Actually there was a whole flurry of phone calls that day, as everyone I'd made my calls to got back to me. The upshot is I have a plan, with the stamp of approval of my PCP. I go to see her about liver enzyme abnormalities next Wednesday. Later that day I see my DBT therapist for the first time since I moved to California to attend long-term rehab. It's been several years, so it will be part catching-up and part intake/testing, and all of an hour and a half.

It will also be $240 before insurance. I am uncertain what it will be afterward, as the nature of the coverage is such that I have to submit paperwork for reimbursement rather than making a copay. There will be a $20 copay to see my PCP as well. That's why the appointments are set up for the first of next month; I get my monthly check then. At the moment I have about $7 in my checking account, which if I'm frugal will keep me in coffee for the next week. Not the good stuff, but drinkable, and made at home.

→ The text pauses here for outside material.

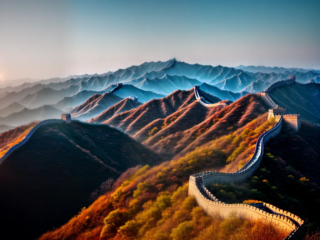 Ilustração Gráfica inspirada no artigo – Foto: Antesdemorrer.comA Grande Muralha da China é uma das maravilhas mais impressionantes do mundo. Com mais de 21 mil quilômetros de extensão, ela foi construída durante séculos para proteger o império chinês de invasões. Além de sua função defensiva, a muralha também servia como rota comercial e de comunicação entre diferentes regiões da China. Hoje em dia, é um dos principais pontos turísticos do país, atraindo milhões de visitantes todos os anos. Caminhar pela muralha é uma experiência única, onde é possível apreciar a grandiosidade da construção e contemplar belas paisagens. É realmente impressionante pensar em todo o esforço humano que foi necessário para erguer essa obra monumental.

I have the good insurance, too, it's worth saying. I find the national healthcare debate about making sure everyone has insurance rather disingenuous, because even with insurance I have to really budget my medical spending carefully. Insurance certainly doesn't make medical care free, or even inexpensive. It merely makes it so you don't get turned away from the clinic, and opens up the possibility of preventative care.

Every time I start to do the math, I think I should cancel the DBT appointment, mostly because it will probably lead to weekly sessions at $160 each, which extra $640 a month I simply do not have. That's more than my rent. If I go back and request yet another forbearance on my student loans, and they grant it, that frees up enough money for one session. I really just have to hope the money will show up from somewhere, or my DBT therapist will be okay with monthly rather than weekly sessions, or... something.

The worst part of it is how constantly being short of money, and being in debt, and doing the math eats away at my already-shaky self-esteem. I am grateful for the library, and my long-suffering brother, and my generous friends.

Anyway. That's what's on my mind of late, a little too much for comfort.